Almost every revenue team I see is bolting AI onto an organization that was designed for people. A tool here, an assistant there, a co-pilot in the corner. It helps a little. It also misses the point.

An AI-native go-to-market function is not the old function with AI added on top. It is the function redrawn around what the machine now does better, with people moved to the one place they still win: judgment.

Look at what go-to-market actually consists of, hour by hour. Finding the accounts worth attention. Qualifying them. Scoring them. Enriching them with context. Routing them. Prepping for the conversation. Chasing the follow-up. Almost all of it is gathering, ranking, and moving information around. That is exactly the work machines are now good at, and it is most of the job.

What is left when you take that away is smaller and more valuable. Deciding which of the surfaced things actually matters. Reading a room. Making the call when the data is ambiguous. Knowing when the model is confidently wrong. That is the human part. It does not scale, and it is not supposed to.

So the AI-native team is shaped differently. The machine does the heavy lifting continuously, in the background, on every account, not just the ones a person had time to reach. People are no longer staffed against volume. They are staffed against judgment. You need fewer of them doing the repetitive work, and you need them sharper at the decisions, because the decisions are most of what is left for them to do.
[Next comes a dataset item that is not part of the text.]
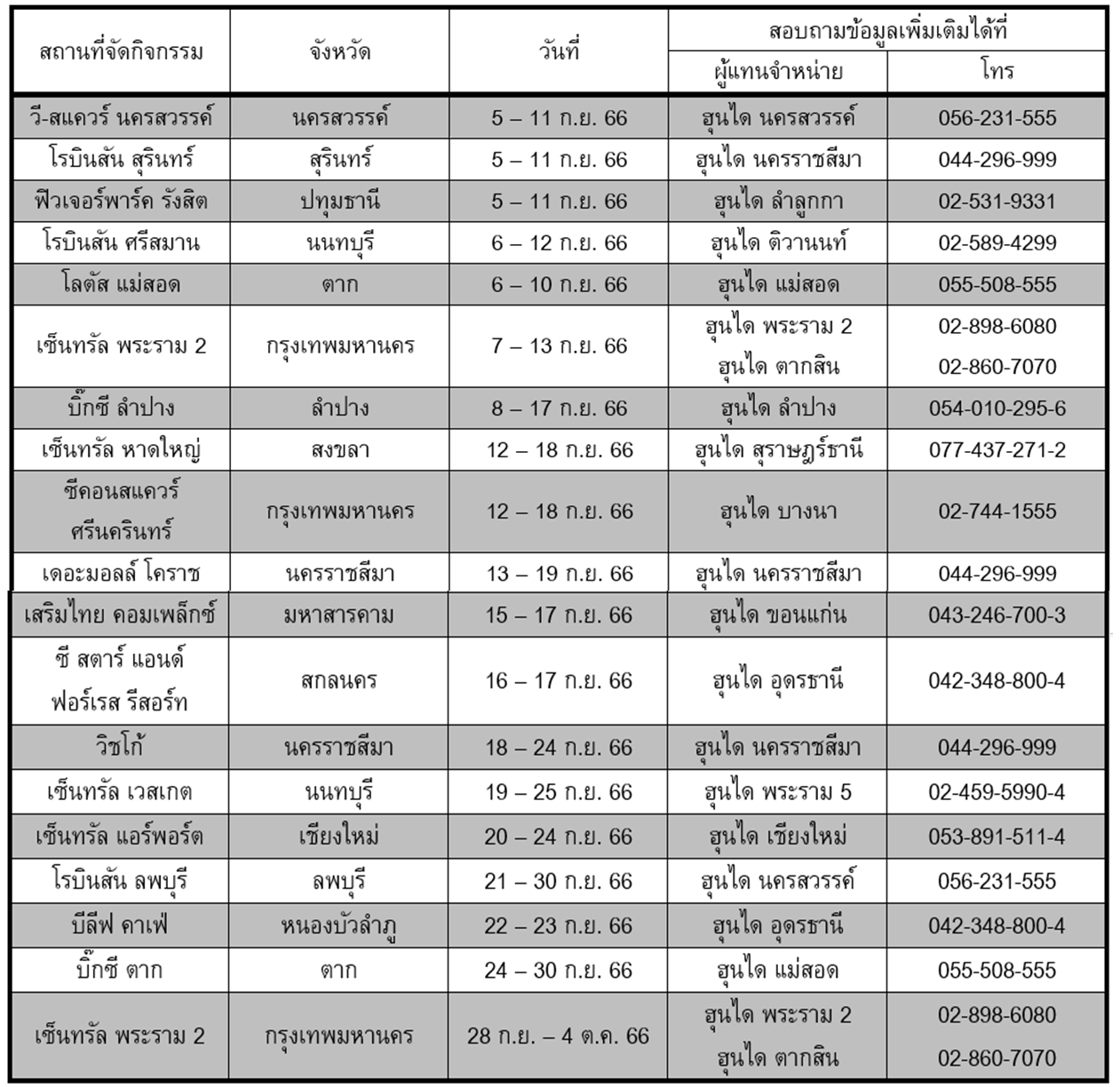ตารางกิจกรรมโรดโชว์ โดยผู้แทนจำหน่ายรถยนต์ฮุนไดทั่วประเทศ ประจำเดือนกันยายน
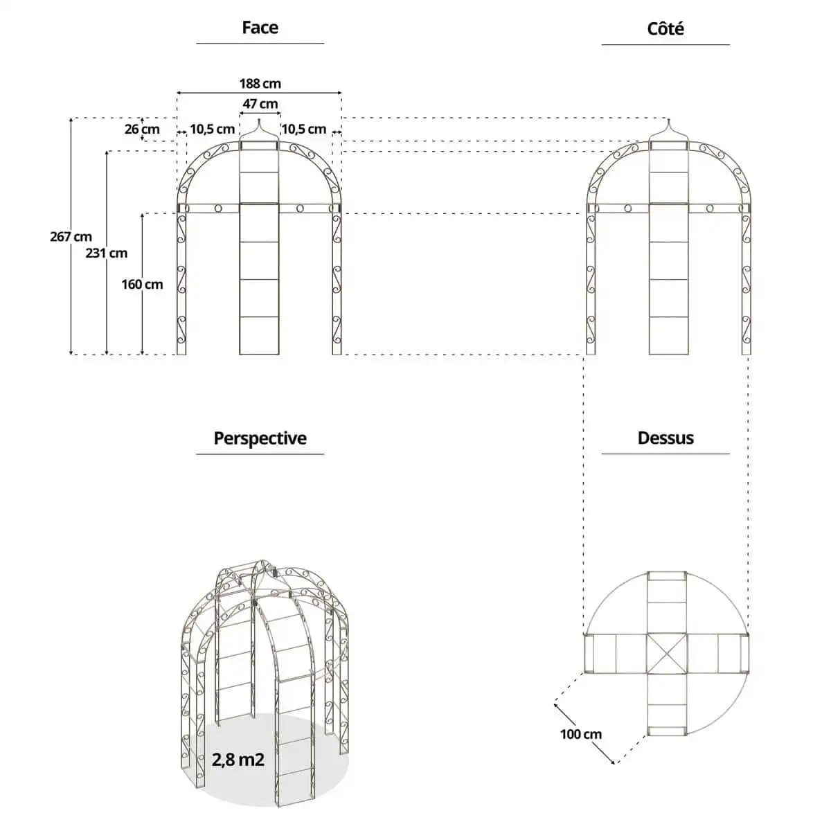 Gloriette en fer 4 pieds Arcade 2,80m2 Tres bon produit et prix très abordable

There is a condition on this, and it is the thing most teams get wrong. The machine has to show its work. A score you cannot interrogate is a score nobody acts on, and I have watched plenty of them get ignored into irrelevance. The system has to reason where a person can see it, leave a trail, and get corrected when it is wrong. Judgment stays human partly because someone has to be able to overrule the machine and have that mean something.

The people who will build this well are not the ones who have never run the function. You cannot redraw a system around its real failure points if you have never felt them. The operators who spent years inside the broken version, who know exactly where it leaks and why, are the ones who can rebuild it. The AI is finally good enough that they can.

This is the part I am most sure of. Go-to-market is not going to be a slightly more automated version of what it is now. It is going to be a system that mostly runs itself, steered by a few people who know where it breaks. The teams that get there first will not be the ones with the most AI tools. They will be the ones willing to redraw the org chart around the machine, instead of bolting the machine onto the org chart.